Si deve aspettare che accada qualcosa di grave prima di intervenire?

È questa la domanda che Report Sicilia torna a porre dopo avere documentato ancora una volta, con fotografie e video, ciò che quotidianamente accade nella cosiddetta stazione degli autobus di Piazza Vittorio Emanuele ad Agrigento.

Le immagini parlano da sole: pullman di grandi dimensioni impegnati nelle manovre, automobili private che contemporaneamente attraversano l’area, mezzi che si incrociano, passeggeri che salgono e scendono dagli autobus e pedoni costretti a muoversi nello stesso spazio.

Tutto questo nel cuore della città.

E tutto questo non da qualche settimana, ma da quasi dieci anni.

Il “provvisorio” del 2016 diventato permanente

La storia è ormai nota.

Nel 2016, dopo la chiusura ai pullman extraurbani di maggiori dimensioni della stazione di piazzale Rosselli, Piazza Vittorio Emanuele venne individuata quale soluzione provvisoria.

Provvisoria.

Eppure sono trascorsi quasi dieci anni e quell’area continua a funzionare come terminal degli autobus.

Giuseppe Di Rosa ha sollevato la questione ripetutamente nel corso degli anni: prima attraverso il movimento civico Mani Libere, successivamente durante la sua attività nel Codacons e oggi continua a farlo chiedendo che qualcuno, finalmente, mostri gli atti e chiarisca definitivamente la situazione.

La domanda principale rimane quella di sempre: questa area è stata regolarmente autorizzata come terminal/autostazione dagli organismi competenti e, in particolare, dalla Motorizzazione Civile?

Se esistono le autorizzazioni, vengano rese pubbliche.
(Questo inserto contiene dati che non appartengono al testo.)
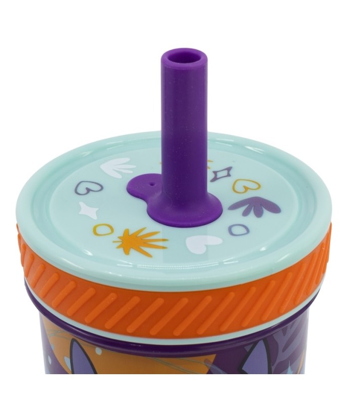 Plastic tumbler with straw the anti-tipper Smartgrip system that gets attached to any plain superface. Smartgrip does not allow the mug to tip, yet it can be easily picked up in any moment. Decorated with original designs of some of the most well-known characters of the world of TV shows and movies. A practical and functional product that never goes out of date.

Le fotografie di oggi: autobus e automobili nello stesso spazio

Le nuove fotografie che pubblichiamo rendono ancora più evidente il problema.

Non stiamo parlando semplicemente di qualche automobile parcheggiata male.

Le immagini mostrano autobus di grandi dimensioni che devono effettuare manovre all’interno di uno spazio nel quale contemporaneamente circolano automobili.

In una fotografia un pullman attraversa praticamente l’intera carreggiata mentre le auto transitano a pochi metri. In altre si vedono più autobus contemporaneamente presenti nell’area mentre continua la normale circolazione veicolare.

È questa una condizione compatibile con le prescrizioni di sicurezza previste per un terminal?

Dove sono i percorsi protetti dei passeggeri?

Dove avviene la separazione tra i flussi pedonali e quelli degli autobus?

Dove sono gli spazi destinati esclusivamente alle manovre dei mezzi?

E soprattutto: perché le automobili private possono attraversare quello stesso spazio nel quale autobus lunghi diversi metri effettuano continuamente manovre di ingresso, uscita e accostamento?

Attenzione: non basta dire che “nei terminal le auto sono vietate”

Su un punto bisogna essere precisi.

Non esiste una regola nazionale formulata semplicemente nel senso che “in qualsiasi terminal italiano è sempre e comunque vietato il transito delle automobili”. La disciplina dipende dalla classificazione dell’area, dalla regolamentazione della circolazione, dalla segnaletica, dalle autorizzazioni e dal progetto di sicurezza del singolo terminal.

Ed è proprio questo che rende ancora più urgente conoscere gli atti relativi a Piazza Vittorio Emanuele.

Se questa è un’autostazione, qual è il progetto autorizzato della circolazione interna? Quali sono gli spazi riservati ai pullman? Quali quelli destinati ai pedoni? Perché il traffico ordinario interferisce con le manovre degli autobus?

Il problema non si risolve con le opinioni. Si risolve mostrando autorizzazioni, planimetrie, prescrizioni e provvedimenti.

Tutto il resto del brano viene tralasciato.